* **Description of the task**
The answer must be only the lines below from the one holding "Slice the tomato" down to the one holding "数据显示,香港电动私家车首次", ends included, printed exactly; please omit all pictures.

* **Data listing**
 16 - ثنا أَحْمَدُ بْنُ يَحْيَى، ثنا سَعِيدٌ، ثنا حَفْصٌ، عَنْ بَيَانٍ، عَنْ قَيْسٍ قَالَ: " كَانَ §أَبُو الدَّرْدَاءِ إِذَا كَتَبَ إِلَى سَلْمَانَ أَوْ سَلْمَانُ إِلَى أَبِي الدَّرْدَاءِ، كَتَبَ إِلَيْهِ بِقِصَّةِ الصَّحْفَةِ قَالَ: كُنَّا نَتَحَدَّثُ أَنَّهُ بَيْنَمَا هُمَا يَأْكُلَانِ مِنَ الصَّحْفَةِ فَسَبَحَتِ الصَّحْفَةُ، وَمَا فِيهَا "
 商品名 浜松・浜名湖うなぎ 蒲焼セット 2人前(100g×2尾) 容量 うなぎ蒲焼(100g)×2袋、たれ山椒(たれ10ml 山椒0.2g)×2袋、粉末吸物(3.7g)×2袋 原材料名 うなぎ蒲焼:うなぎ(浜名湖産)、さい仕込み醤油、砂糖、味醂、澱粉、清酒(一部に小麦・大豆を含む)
* * *
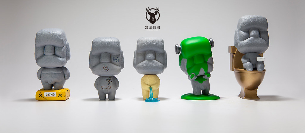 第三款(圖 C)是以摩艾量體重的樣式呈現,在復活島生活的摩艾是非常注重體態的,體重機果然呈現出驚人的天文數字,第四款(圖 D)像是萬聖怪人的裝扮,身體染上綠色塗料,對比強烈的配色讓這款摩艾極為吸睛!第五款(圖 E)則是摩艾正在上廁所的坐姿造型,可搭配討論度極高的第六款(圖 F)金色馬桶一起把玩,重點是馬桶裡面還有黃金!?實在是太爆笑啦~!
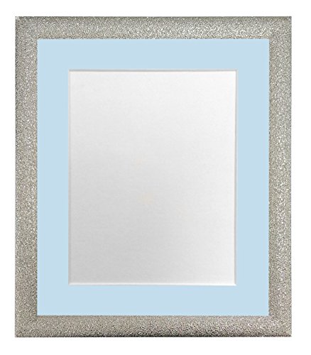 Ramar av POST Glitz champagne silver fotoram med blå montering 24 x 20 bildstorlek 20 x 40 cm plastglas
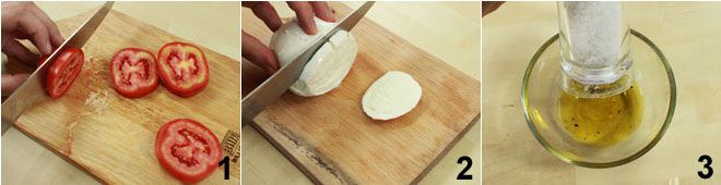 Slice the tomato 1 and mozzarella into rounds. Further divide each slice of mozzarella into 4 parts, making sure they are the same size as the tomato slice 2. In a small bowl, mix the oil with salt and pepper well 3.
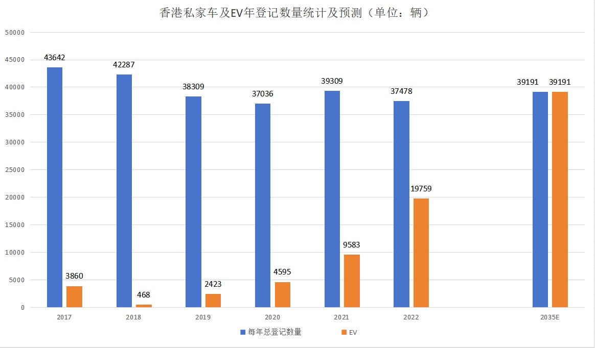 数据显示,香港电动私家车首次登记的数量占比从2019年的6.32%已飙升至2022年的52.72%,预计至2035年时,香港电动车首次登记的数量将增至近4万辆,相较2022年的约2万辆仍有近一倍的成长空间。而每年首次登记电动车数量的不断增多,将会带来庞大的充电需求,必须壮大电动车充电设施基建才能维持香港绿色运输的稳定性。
...
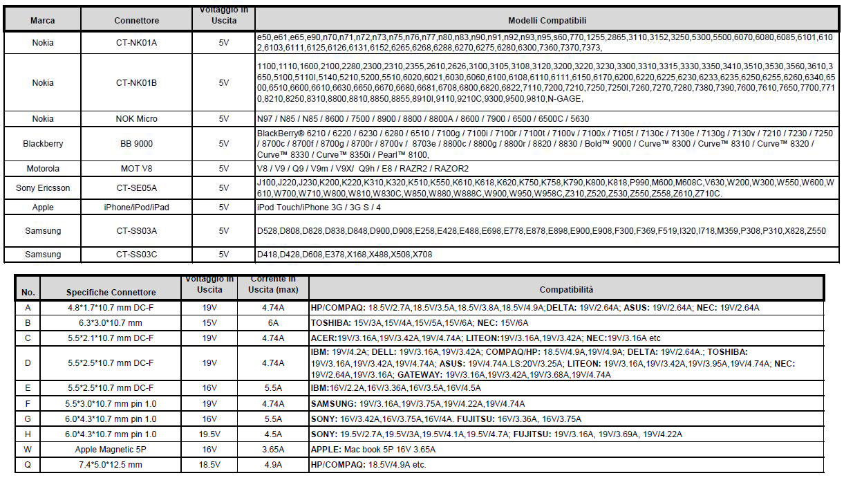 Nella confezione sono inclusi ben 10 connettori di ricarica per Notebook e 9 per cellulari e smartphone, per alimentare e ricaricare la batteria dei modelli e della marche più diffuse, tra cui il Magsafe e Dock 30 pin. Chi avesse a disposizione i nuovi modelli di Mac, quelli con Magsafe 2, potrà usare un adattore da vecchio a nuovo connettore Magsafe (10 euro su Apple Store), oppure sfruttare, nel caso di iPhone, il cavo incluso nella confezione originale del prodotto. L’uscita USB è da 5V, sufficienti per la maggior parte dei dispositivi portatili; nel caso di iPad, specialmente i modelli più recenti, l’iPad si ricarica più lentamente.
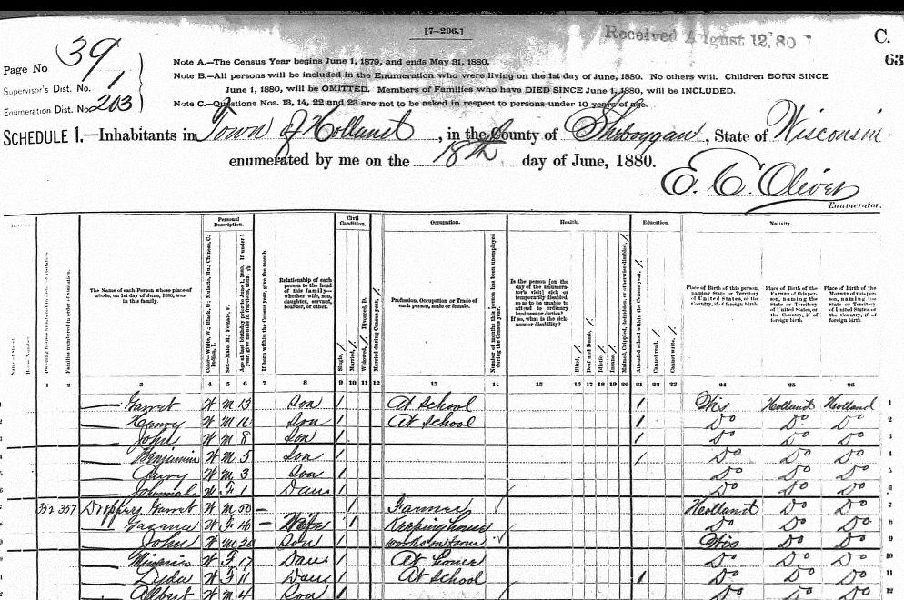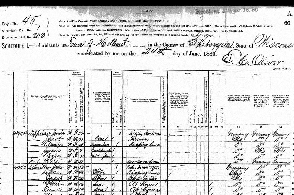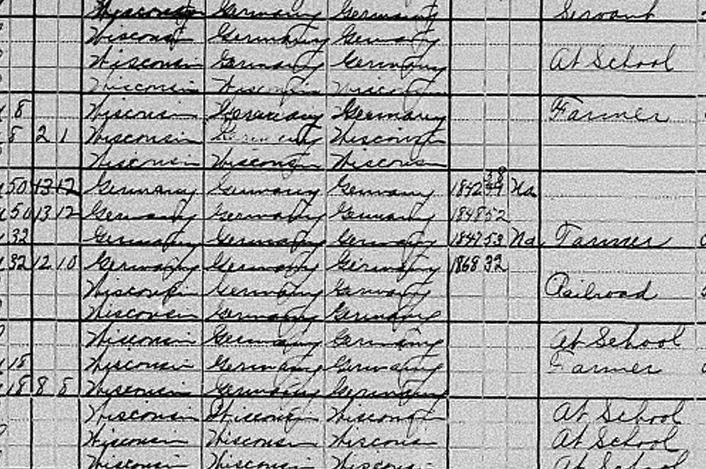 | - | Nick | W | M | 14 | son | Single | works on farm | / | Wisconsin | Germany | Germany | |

* **Solution to this task**
 Slice the tomato 1 and mozzarella into rounds. Further divide each slice of mozzarella into 4 parts, making sure they are the same size as the tomato slice 2. In a small bowl, mix the oil with salt and pepper well 3.
 数据显示,香港电动私家车首次登记的数量占比从2019年的6.32%已飙升至2022年的52.72%,预计至2035年时,香港电动车首次登记的数量将增至近4万辆,相较2022年的约2万辆仍有近一倍的成长空间。而每年首次登记电动车数量的不断增多,将会带来庞大的充电需求,必须壮大电动车充电设施基建才能维持香港绿色运输的稳定性。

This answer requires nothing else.